Task details
Which lines run from the one containing "The 356 Chaise" through the end of the data? Write them out exactly, with the pictures left out.

- - - - - - -

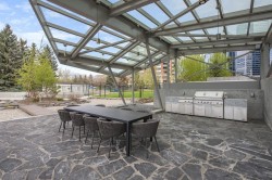 **NEW PRICE** PRESTIGIOUS | PRIVATE ELEVATOR | HIGH FLOOR | CITY SKYLINE & RIVER VIEWS | 2 BEDROOMS + DEN | TWO TITLE PARKING STALLS! WELCOME TO THE CONCORD - Calgary's most prestigious riverfront residence, an architectural icon that defines luxury living! Experience this unparalleled luxury large unit living at The Concord, where a private elevator transports you directly into your exquisite residence. This stunning home is designed with the finest finishes and features, including a German-engineered Poggenpohl kitchen, Miele appliances. The thoughtfully crafted interior boasts engineered hardwood flooring, Bianco Carrara marble accents, rich walnut detailing, a full-height Bianco Statuario marble encased fireplace, and floor-to-ceiling windows showcasing breathtaking Bow River views. Enjoy year-round comfort with heated tile flooring, a horizontal four-pipe fan coil system for heating and cooling, and a BRIGHT GLASS DOOR OPEN DEN perfect for a home office. The spacious primary suite is a private retreat with a custom walk-in closet, and a 5-piece spa-inspired ensuite, complete with dual sinks, a deep soaker air-jet tub, a separate shower and heated marble floors. A patio door leads to a private balcony, offering a serene escape with stunning city and Bow River views. The second bedroom also enjoys balcony access and its own floor-to-ceiling marble bathroom with heated floors. Additional features include an in-suite full-size washer and dryer, two titled side by side parking stalls, and a titled storage room. World-Class Building Amenities include: 24-hour Concierge & Security services | 6 high-speed Elevators | Elegant Social Lounge with a Bar, full kitchen for your private events | State-of-art Fitness Centre | Touch-less automatic car wash | Ample guest parking | Stunning outdoor water garden and pond (transforms into a winter Skating rink) | Outdoor kitchen with BBQ and 2 fire-pits, perfect for entertaining. Exciting future amenities (Phase II - Launching in May, 2025) include: Resort-style swimming pool and a hi-tech golf simulator. With unparalleled elegance, world-class amenities, and the best value in The Concord. This offering is truly one-of-a-kind and best value in Calgary RIVER FRONT luxurious living. CALL TODAY TO SCHEDULE YOUR PRIVATE VIEWING!
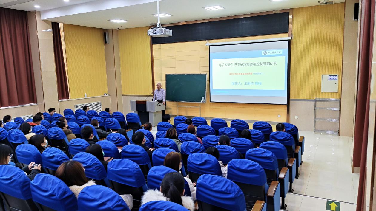 2020年12月8日下午2:30分,山东科技大学王新华教授在我校2号楼 B101报告厅为经济与管理系师生作题为《煤矿安全系统中多方博弈与控制策略研究》的学术报告。
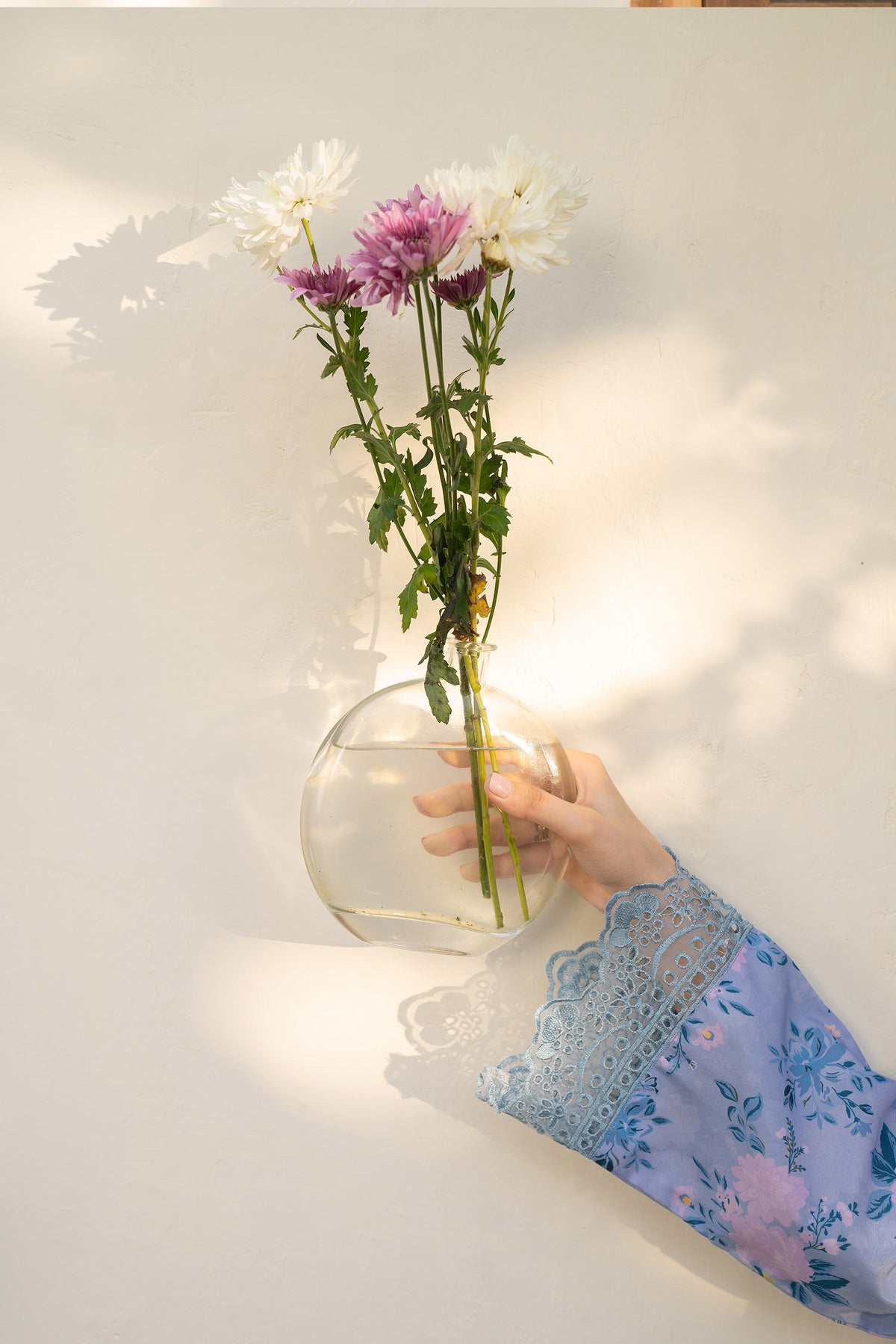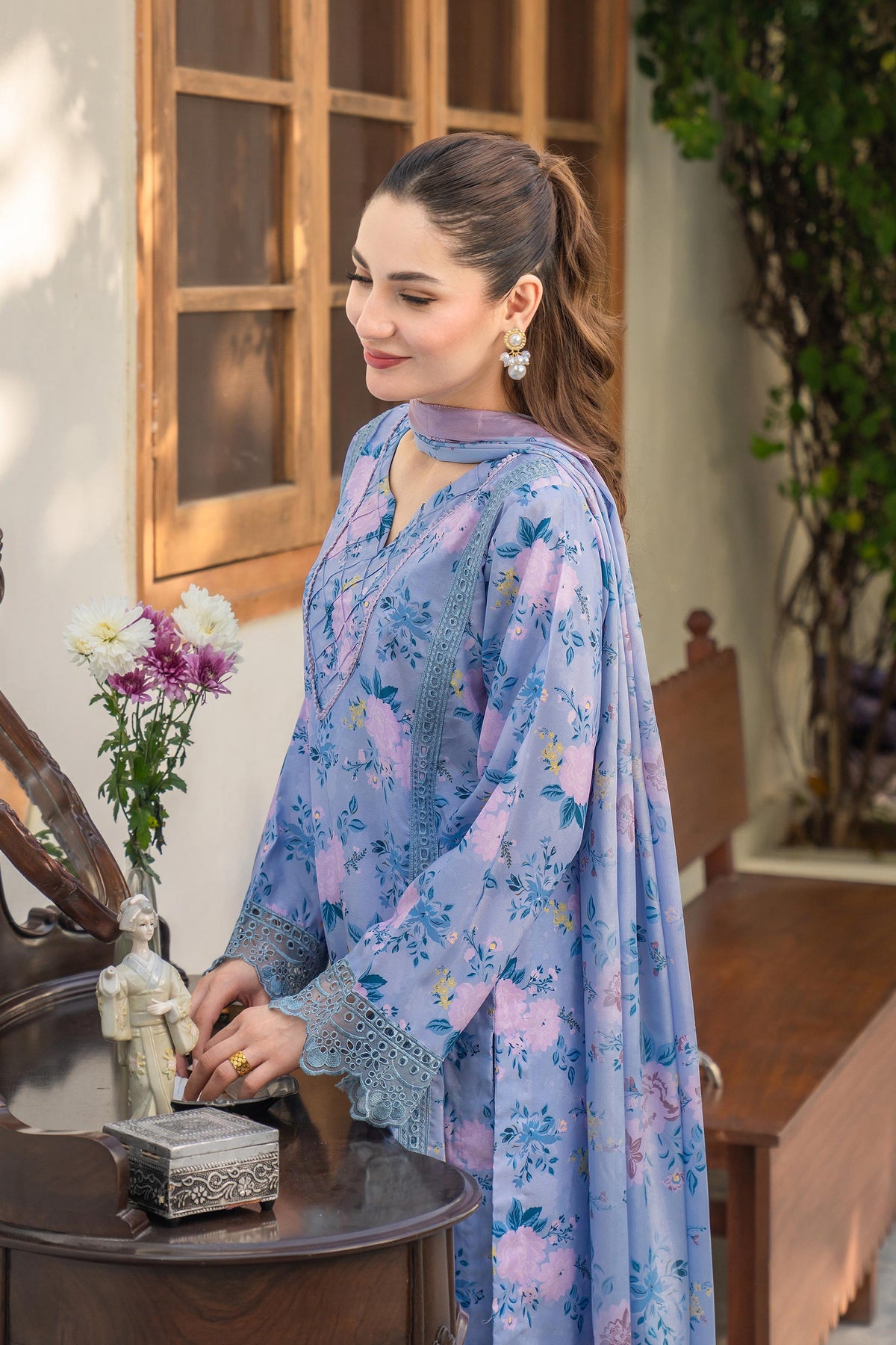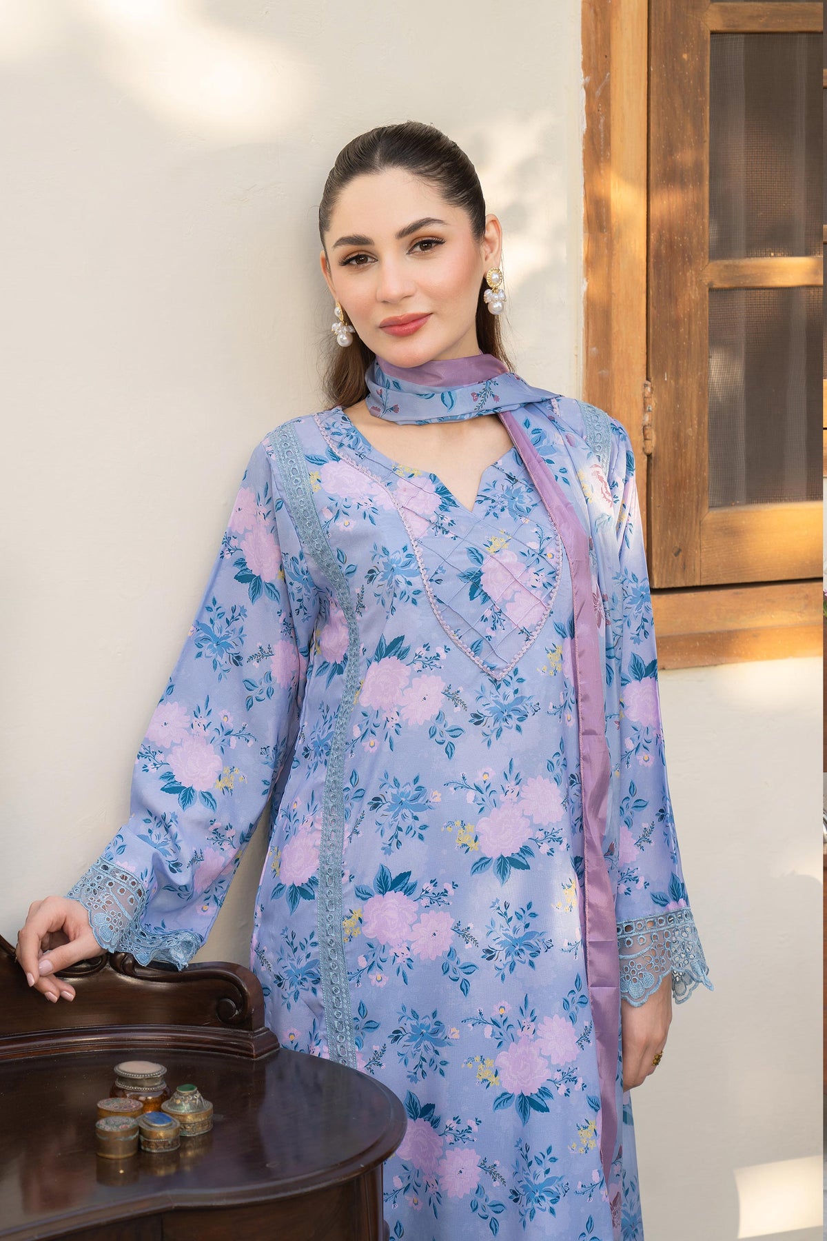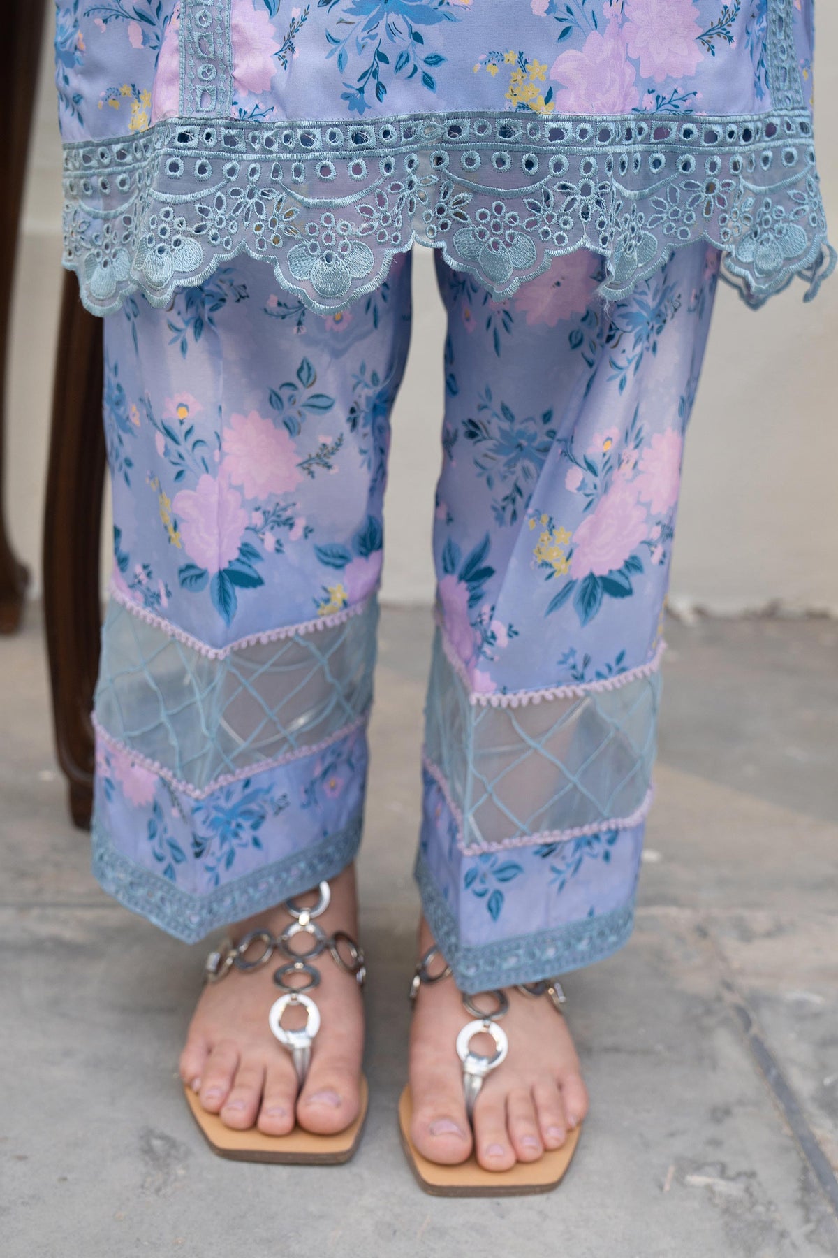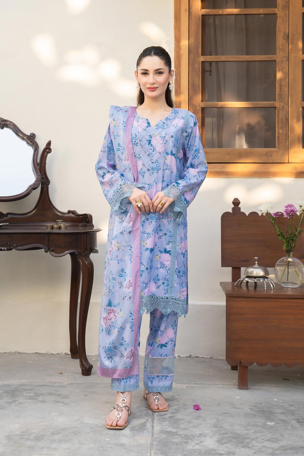 A calming blue canvas touched with soft floral blooms in lilac and rose. The delicate detailing and flowy silhouette create an elegant everyday look that feels light and graceful. Paired with a coordinated dupatta for a complete seasonal statement.
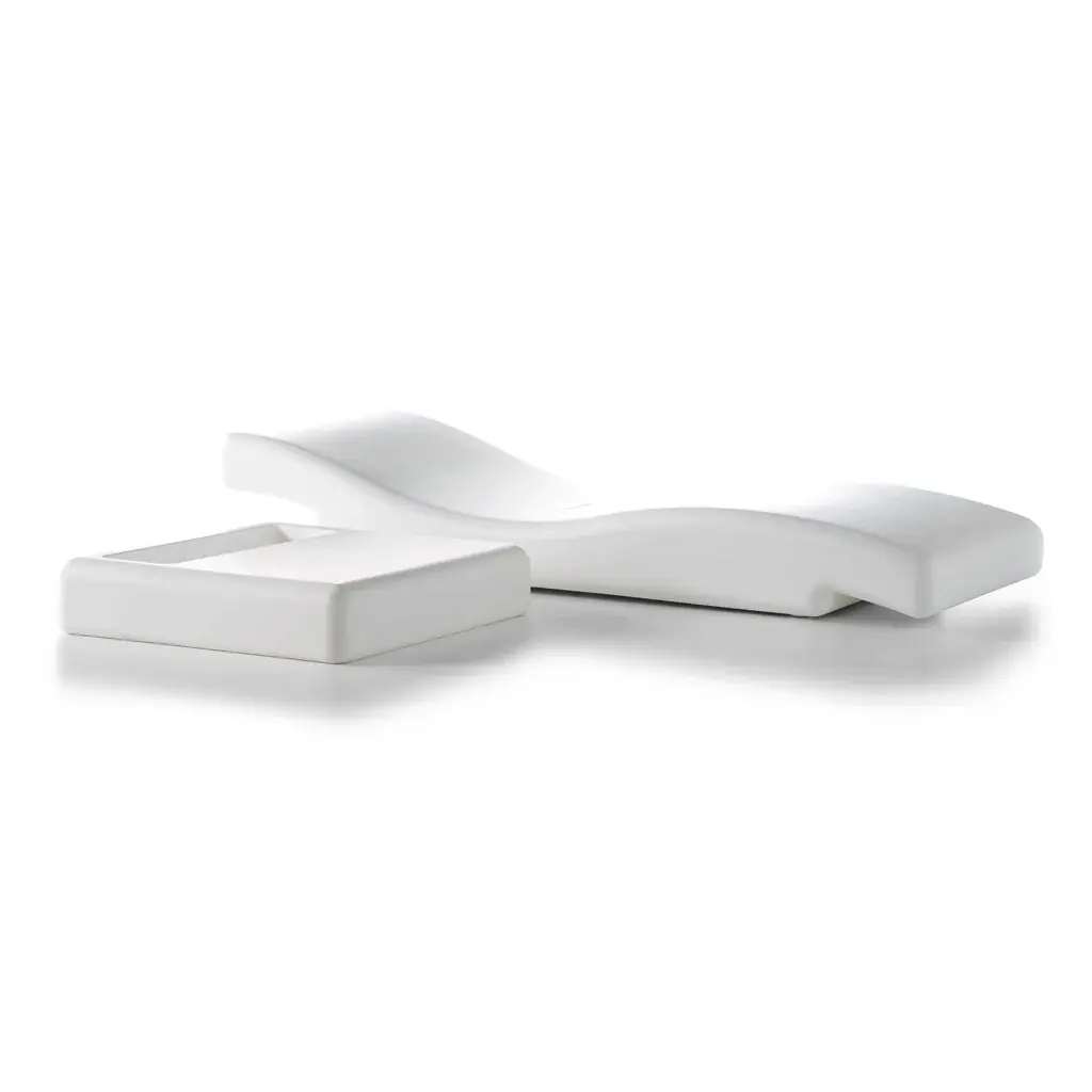 The 356 Chaise Lounge by Diabla is an ultra-chic, contemporary outdoor lounge set. Crafted entirely from all-weather, 100% recyclable polyethylene, this elegant design features soft, sculptural contours beautifully proportioned to the body for countless hours of relaxation on the patio, terrace, or beside the pool. Features
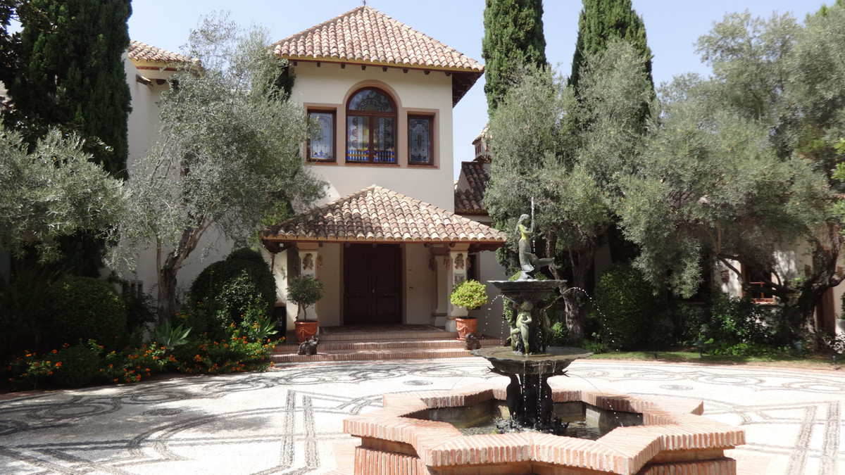 The main house, a splendid Spanish villa, climbs behind the pompous natural stone-built driveway with fountains. Master Bedroom with luxurious marble bathroom and terrace with distant views, 4 further bedrooms with terraces and marble bathrooms and 2 children's rooms with shared bathroom. Spacious living spaces with charming and cosy furnishings completes the Spanish flair. In total, the house also has 6 terraces, kitchen, 2 garages for 4 cars, a spacious and fully equipped fitness center and a beautiful pool landscape with 2 differently tempered pools and a whirlpool. The beautiful green garden leads to a built in the hillside glass studio / yoga / meditation house and a children's playground.
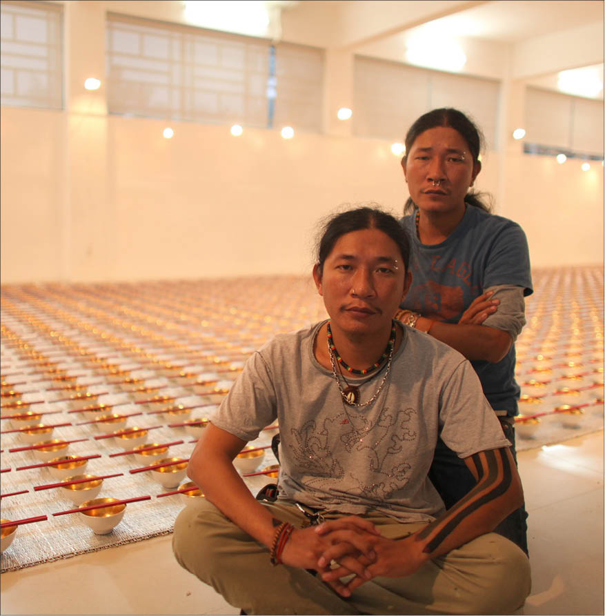 Anh em nghệ sĩ Lê Ngọc Thanh - Lê Đức Hải với tác phẩm sắp đặt “Chén và đũa (1945)”. Ảnh: NVCC
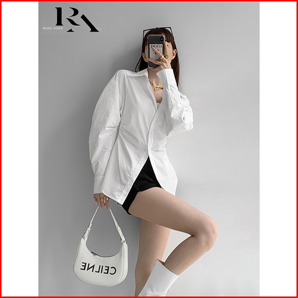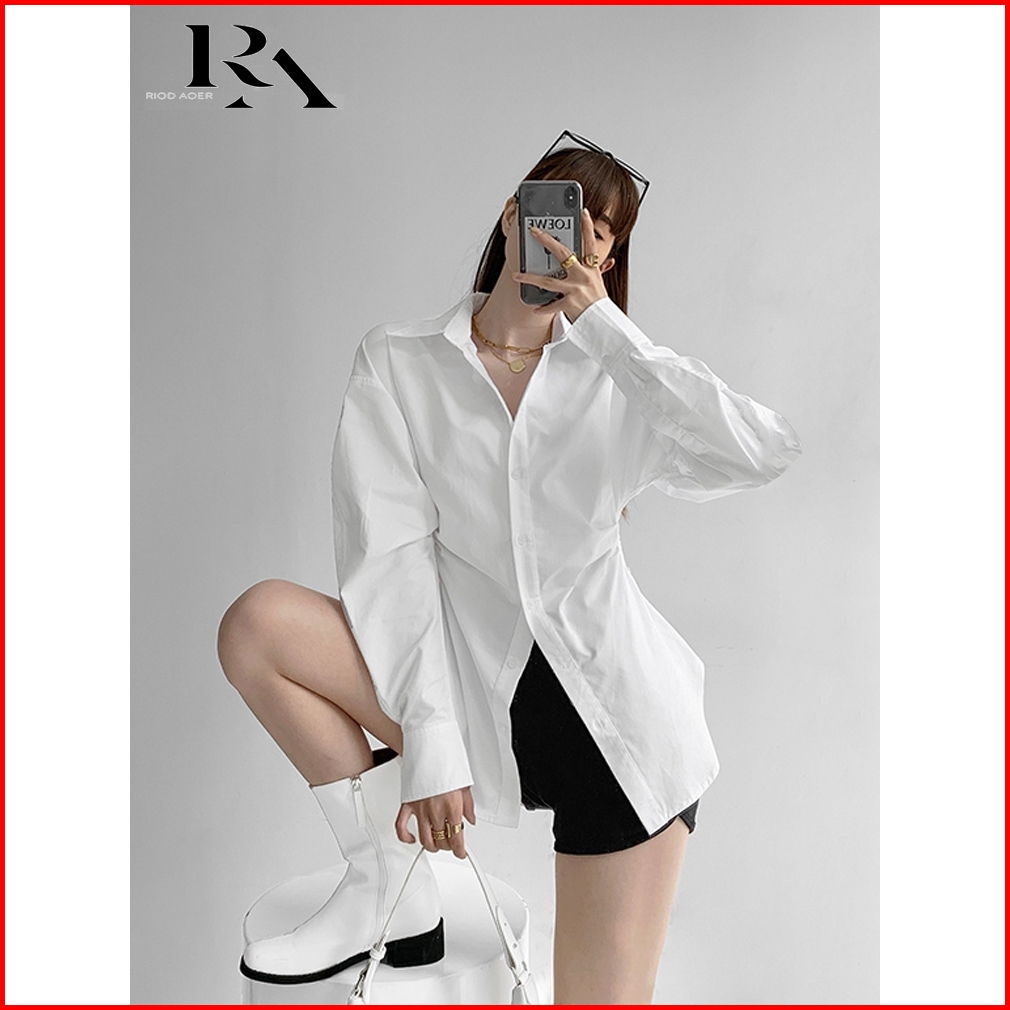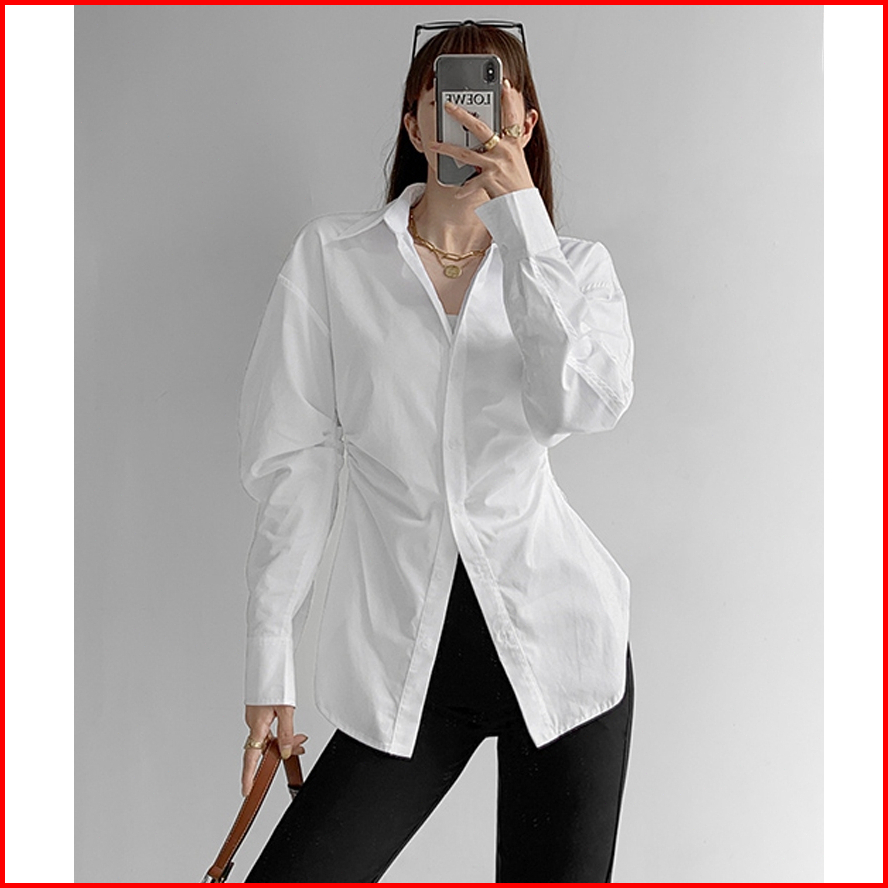 Riod Aoer Baju Atasan Wanita Terbaru Kemeja Warna Solid Lengan Panjang Berkerah Desain Siluet Pinggang Ramping Lipit Ata

- - - - - - -

Worked solution
 The 356 Chaise Lounge by Diabla is an ultra-chic, contemporary outdoor lounge set. Crafted entirely from all-weather, 100% recyclable polyethylene, this elegant design features soft, sculptural contours beautifully proportioned to the body for countless hours of relaxation on the patio, terrace, or beside the pool. Features
 The main house, a splendid Spanish villa, climbs behind the pompous natural stone-built driveway with fountains. Master Bedroom with luxurious marble bathroom and terrace with distant views, 4 further bedrooms with terraces and marble bathrooms and 2 children's rooms with shared bathroom. Spacious living spaces with charming and cosy furnishings completes the Spanish flair. In total, the house also has 6 terraces, kitchen, 2 garages for 4 cars, a spacious and fully equipped fitness center and a beautiful pool landscape with 2 differently tempered pools and a whirlpool. The beautiful green garden leads to a built in the hillside glass studio / yoga / meditation house and a children's playground.
 Anh em nghệ sĩ Lê Ngọc Thanh - Lê Đức Hải với tác phẩm sắp đặt “Chén và đũa (1945)”. Ảnh: NVCC
 Riod Aoer Baju Atasan Wanita Terbaru Kemeja Warna Solid Lengan Panjang Berkerah Desain Siluet Pinggang Ramping Lipit Ata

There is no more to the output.